* Working data
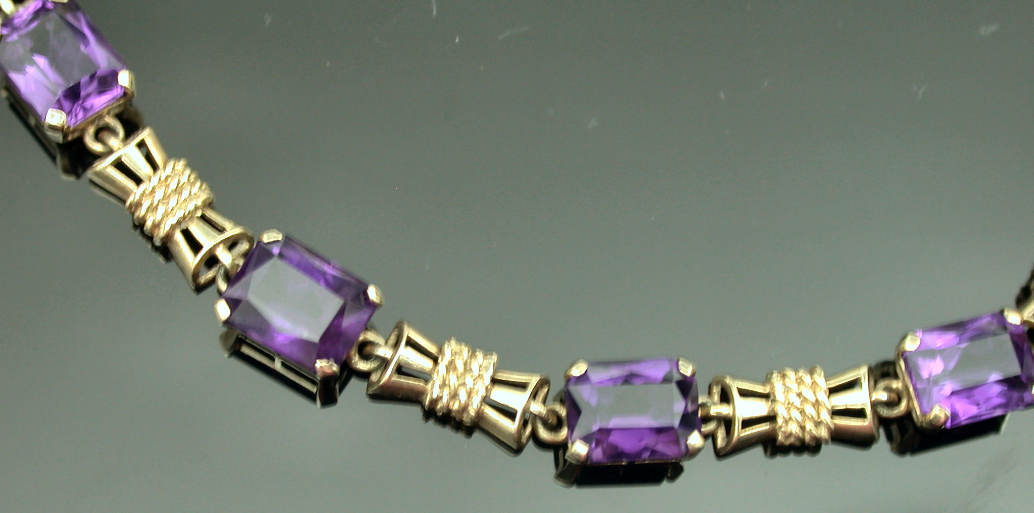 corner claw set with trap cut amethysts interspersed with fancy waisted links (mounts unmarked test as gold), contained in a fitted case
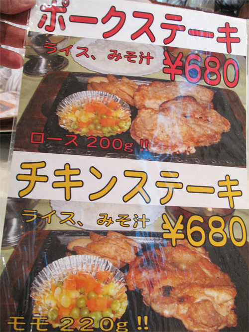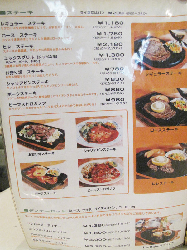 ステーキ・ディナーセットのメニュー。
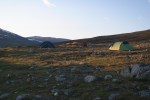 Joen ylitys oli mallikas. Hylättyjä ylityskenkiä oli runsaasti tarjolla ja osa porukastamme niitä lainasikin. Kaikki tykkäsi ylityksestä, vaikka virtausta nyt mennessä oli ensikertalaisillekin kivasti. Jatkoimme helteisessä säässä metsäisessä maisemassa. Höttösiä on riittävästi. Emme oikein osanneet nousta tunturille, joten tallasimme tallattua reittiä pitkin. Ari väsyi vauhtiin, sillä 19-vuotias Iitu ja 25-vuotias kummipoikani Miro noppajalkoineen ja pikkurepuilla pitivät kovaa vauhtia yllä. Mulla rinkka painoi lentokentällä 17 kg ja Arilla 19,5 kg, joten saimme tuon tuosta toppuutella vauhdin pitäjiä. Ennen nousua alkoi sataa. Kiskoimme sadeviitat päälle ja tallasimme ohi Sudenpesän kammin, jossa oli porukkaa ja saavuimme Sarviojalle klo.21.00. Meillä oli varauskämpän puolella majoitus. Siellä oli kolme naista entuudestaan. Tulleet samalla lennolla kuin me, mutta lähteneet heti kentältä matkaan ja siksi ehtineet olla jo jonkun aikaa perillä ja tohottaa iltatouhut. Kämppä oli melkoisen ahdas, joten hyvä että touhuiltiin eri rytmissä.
--
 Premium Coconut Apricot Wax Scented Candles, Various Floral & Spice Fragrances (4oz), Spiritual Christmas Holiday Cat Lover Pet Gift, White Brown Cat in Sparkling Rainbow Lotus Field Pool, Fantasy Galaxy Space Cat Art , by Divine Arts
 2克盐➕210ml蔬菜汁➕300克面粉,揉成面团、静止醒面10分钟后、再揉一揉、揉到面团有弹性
--
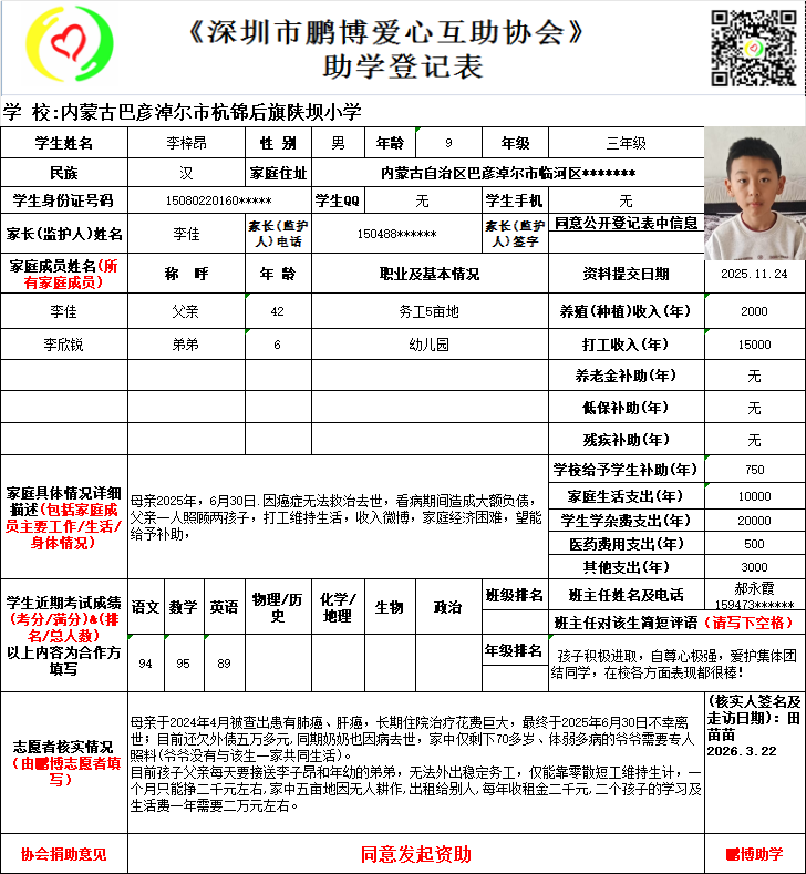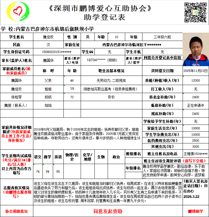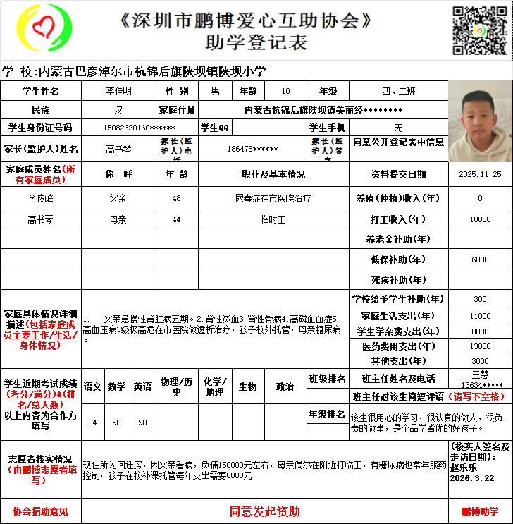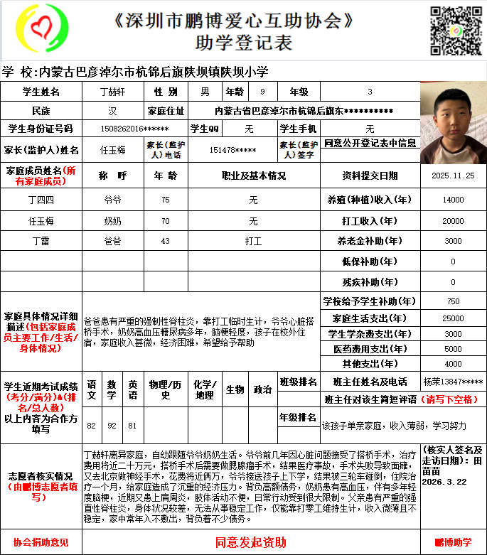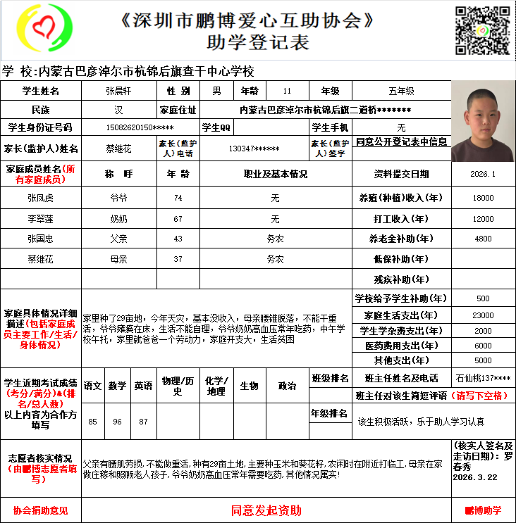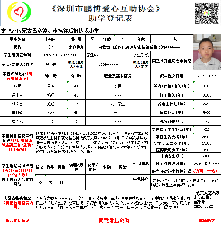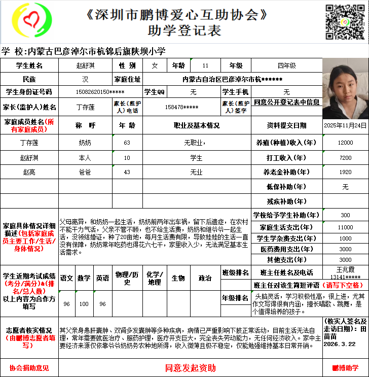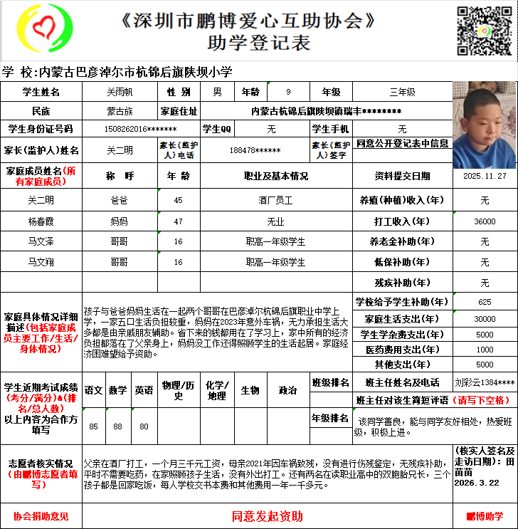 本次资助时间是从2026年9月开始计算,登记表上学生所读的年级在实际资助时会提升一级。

* Assigned task
In the listing above, find the line with "Premium Coconut Apricot" and the line with "2克盐➕210ml蔬菜汁➕3", then print exactly those lines and every line between them.

* Task solution
 Premium Coconut Apricot Wax Scented Candles, Various Floral & Spice Fragrances (4oz), Spiritual Christmas Holiday Cat Lover Pet Gift, White Brown Cat in Sparkling Rainbow Lotus Field Pool, Fantasy Galaxy Space Cat Art , by Divine Arts
 2克盐➕210ml蔬菜汁➕300克面粉,揉成面团、静止醒面10分钟后、再揉一揉、揉到面团有弹性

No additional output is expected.